Wongnai aims to become Thailand’s Naver
BANGKOK -- Thailand-based restaurant review platform operator Wongnai founder and CEO Yod Chinsupakul wants to turn the startup into a tech company that can run internet portals and search engines.
“In South Korea, there is Naver. In Thailand, we don’t have a tech company doing something like this. Whatever it takes, and how long it takes, we need to make a big tech company in Thailand,” Chinsupaku said in an interview with The Investor. He also added that Thailand needs a unicorn and he hopes to his firm will expand its business throughout the nation.
Wongnai founder and CEO Yod Chinsupakul
Son Ji-hyoung/ The Investor
Established in 2010, Wongnai, which means “insider” in Thai, operates an app that’s similar to Yelp in the US. It provides information and reviews of restaurants and facilities in Thailand.
“I went to the US to study for my MBA. During that time I started a startup there, but failed,” Chinsupaku said. “At the time I got a feeling that I could do better in Thailand because the market is less competitive. And also in Bangkok, I had a team to work with.”

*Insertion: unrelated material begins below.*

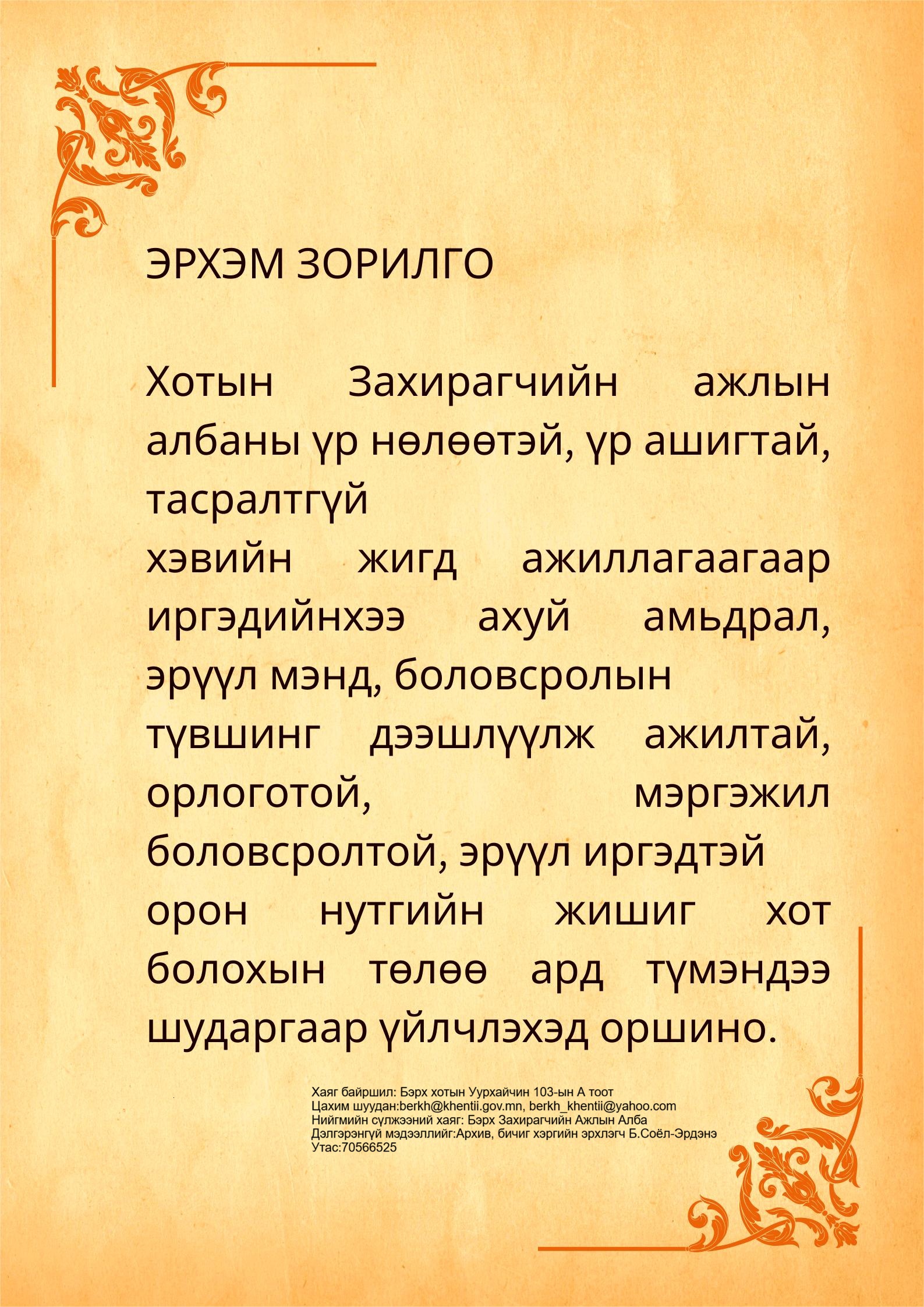 Гүйцэтгэх албан тушаалын сонгон шалгаруулалтын зар

Another reason he chose to run his own business was because he had to fund the student loans he spent on his degree.
Despite the optimism, the first few years were difficult. There weren’t enough users and it was hard finding investors. “The startup ecosystem started to change around 2012. There were some VCs coming from Japan, China, and Singapore,” he said. “Also, people started to use smartphones around 2012-13, changing from Blackberry to iPhone. So we started to grow exponentially”
The startup currently has up to 10 million reviews and photos. On a monthly basis, Wongnai has about 900 million users. Chisupakul didn’t disclose the sales numbers, but said annually it’s been growing at over 50 percent. “Our main source of revenue is ads from restaurants, spa salons hotel and even global brands like Pepsi,” he added.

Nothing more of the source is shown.